*EXERCISE GOAL:* Only the stretch of the listing below that runs from the line with "The approximate coordinates" through the line with "and red trim." is to be printed, exactly and with both ends.

━━━━━ SUPPLIED RECORDS ━━━━━

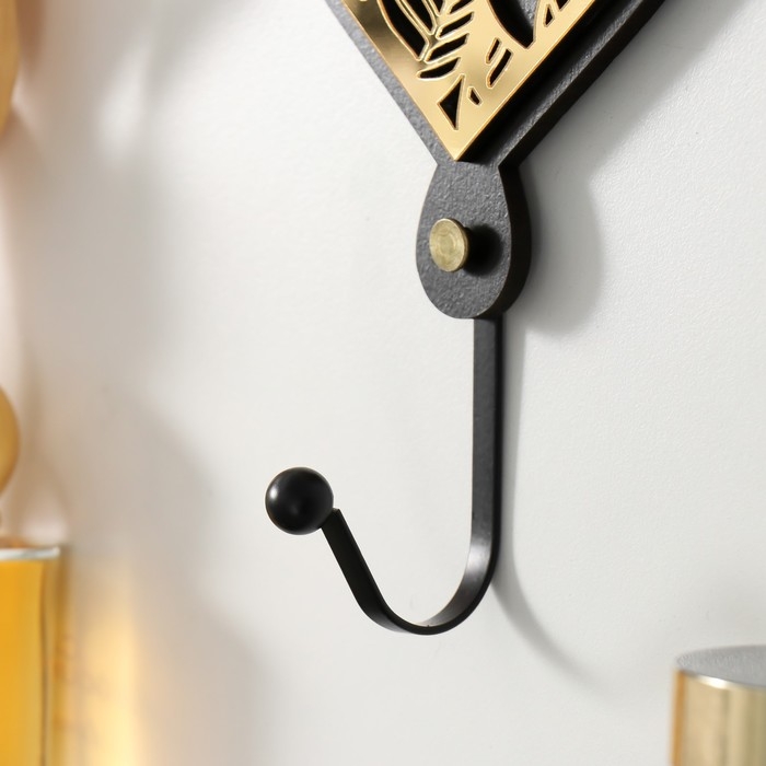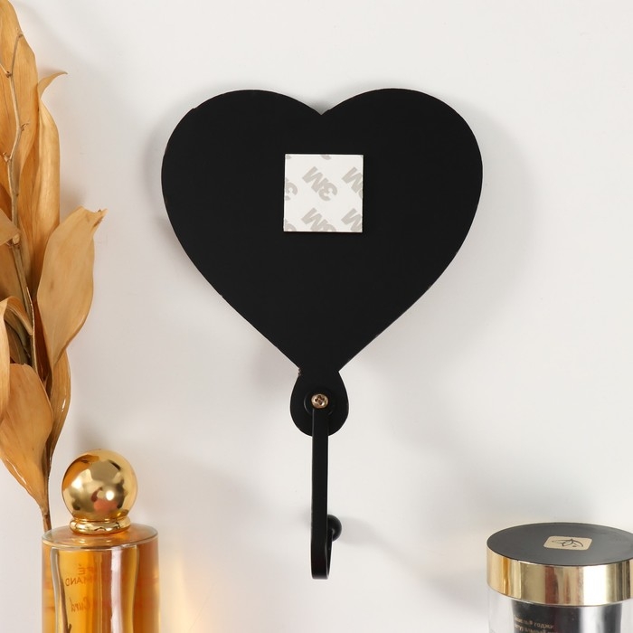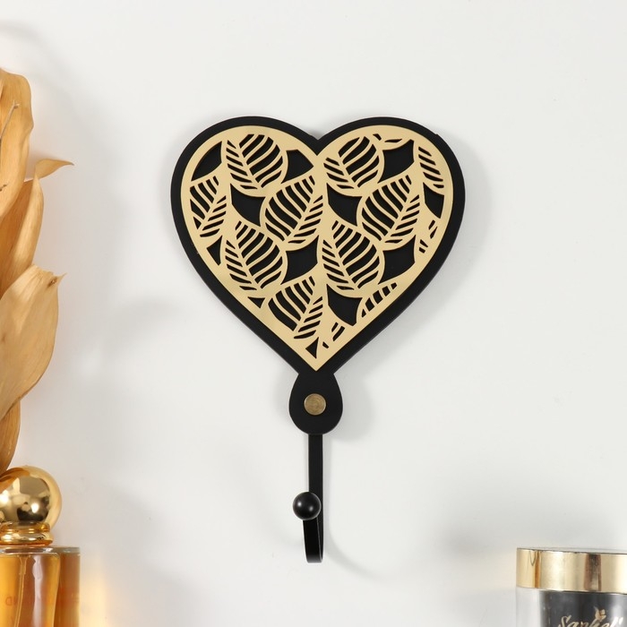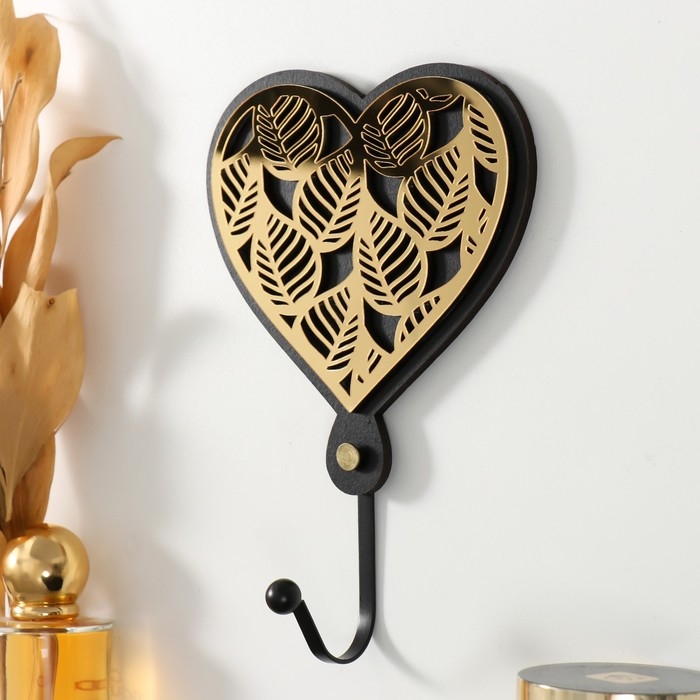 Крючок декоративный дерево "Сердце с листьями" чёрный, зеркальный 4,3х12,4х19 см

━━━━━
━━━━━ SUPPLIED RECORDS ━━━━━

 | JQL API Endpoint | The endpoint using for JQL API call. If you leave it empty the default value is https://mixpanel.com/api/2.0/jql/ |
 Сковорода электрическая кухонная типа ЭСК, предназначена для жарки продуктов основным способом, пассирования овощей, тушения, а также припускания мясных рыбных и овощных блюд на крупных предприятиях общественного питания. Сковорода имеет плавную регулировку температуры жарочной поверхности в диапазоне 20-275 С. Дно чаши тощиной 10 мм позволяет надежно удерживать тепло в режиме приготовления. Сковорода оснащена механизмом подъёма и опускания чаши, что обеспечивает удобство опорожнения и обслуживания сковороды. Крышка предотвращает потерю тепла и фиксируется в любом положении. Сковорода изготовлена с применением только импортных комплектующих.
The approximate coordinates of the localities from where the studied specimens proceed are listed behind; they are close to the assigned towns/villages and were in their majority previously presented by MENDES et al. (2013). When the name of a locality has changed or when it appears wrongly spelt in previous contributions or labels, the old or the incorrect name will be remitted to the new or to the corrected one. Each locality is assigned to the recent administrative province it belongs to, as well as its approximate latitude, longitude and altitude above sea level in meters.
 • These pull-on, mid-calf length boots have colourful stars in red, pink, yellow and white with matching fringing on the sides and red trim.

━━━━━

*SOLUTION TO THIS PROBLEM:*
The approximate coordinates of the localities from where the studied specimens proceed are listed behind; they are close to the assigned towns/villages and were in their majority previously presented by MENDES et al. (2013). When the name of a locality has changed or when it appears wrongly spelt in previous contributions or labels, the old or the incorrect name will be remitted to the new or to the corrected one. Each locality is assigned to the recent administrative province it belongs to, as well as its approximate latitude, longitude and altitude above sea level in meters.
 • These pull-on, mid-calf length boots have colourful stars in red, pink, yellow and white with matching fringing on the sides and red trim.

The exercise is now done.